Hi.

On Tue, Jun 18, 2019 at 11:47:08PM +1200, Richard Hector wrote:
> On 18/06/19 10:32 PM, Reco wrote:
> >     Hi.
> > 
> > On Tue, Jun 18, 2019 at 09:56:17PM +1200, Richard Hector wrote:
> >> On 18/06/19 3:38 AM, Reco wrote:
> >>>   Hi.
> >>>
> >>> On Mon, Jun 17, 2019 at 10:38:27AM -0400, Gene Heskett wrote:
> >>>> But that opens yet another container of worms. If I arbitrarily assign 
> >>>> ipv6 local addresses, and later, ipv6 shows up at my side of the router, 
> >>>> what if I have an address clash with someone on a satellite circuit in 
> >>>> Ulan Bator.  How is that resolved, by unroutable address blocks such as 
> >>>> 192.168.xx.xx is now?
> >>>
> >>> More or less yes. It's called ULA (Unique Local Address) in IPv6 lingua.
> >>> If you're using anything from fd00:/8 - you're safe.
> >>
> >> As long as you choose them randomly. If you decide to use fd00::/64, or
> >> something else predictable, you may run into conflicts ... but only if
> >> you connect directly to their network.
> > 
> > No sensibly configured router will allow forwarding ULAs to the
> > internet.  A scenario you're describing is therefore impossible unless
> > one adds NAT66 or some kind of VPN to it. In the former case
> > predictability of site addresses do not matter, in the latter it's
> > solvable with the appropriate amount of custom routes.
> 
> Custom routes?
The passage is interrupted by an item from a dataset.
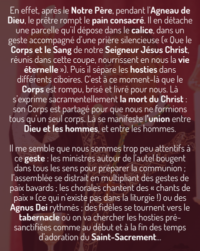 En effet, après le Notre Père, pendant l’Agneau de Dieu, le prêtre rompt le pain consacré. Il en détache une parcelle qu’il dépose dans le calice, dans un geste accompagné d’une prière silencieuse (« Que le Corps et le Sang de notre Seigneur Jésus Christ, réunis dans cette coupe, nourrissent en nous la vie éternelle »). Puis il sépare les hosties dans différents ciboires. C’est à ce moment-là que le Corps est rompu, brisé et livré pour nous. Là s’exprime sacramentellement la mort du Christ : son Corps est partagé pour que nous ne formions tous qu’un seul corps. Là se manifeste l’union entre Dieu et les hommes, et entre les hommes. Il me semble que nous sommes trop peu attentifs à ce geste : les ministres autour de l’autel bougent dans tous les sens pour préparer la communion ; l’assemblée se distrait en multipliant des gestes de paix bavards ; les chorales chantent des « chants de paix » (ce qui n’existe pas dans la liturgie !) ou des Agnus Dei rythmés ; des fidèles se tournent vers le tabernacle où on va chercher les hosties pré-sanctifiées comme au début et à la fin des temps d’adoration du Saint-Sacrement…

When routing between 2 networks using the same range,
> either with a VPN or some kind of direct connection? It's going to need
> some evil double NAT sorcery, especially if the same actual addresses
> are in use on both.

As long as:

a) It's L3 VPN, so ARP is not a concern.
b) There are no duplicate IPs on both sites combined.

The problem can be 'solved' by announcing specific IP routes to each and
every host on both sites. Yes, it's gross.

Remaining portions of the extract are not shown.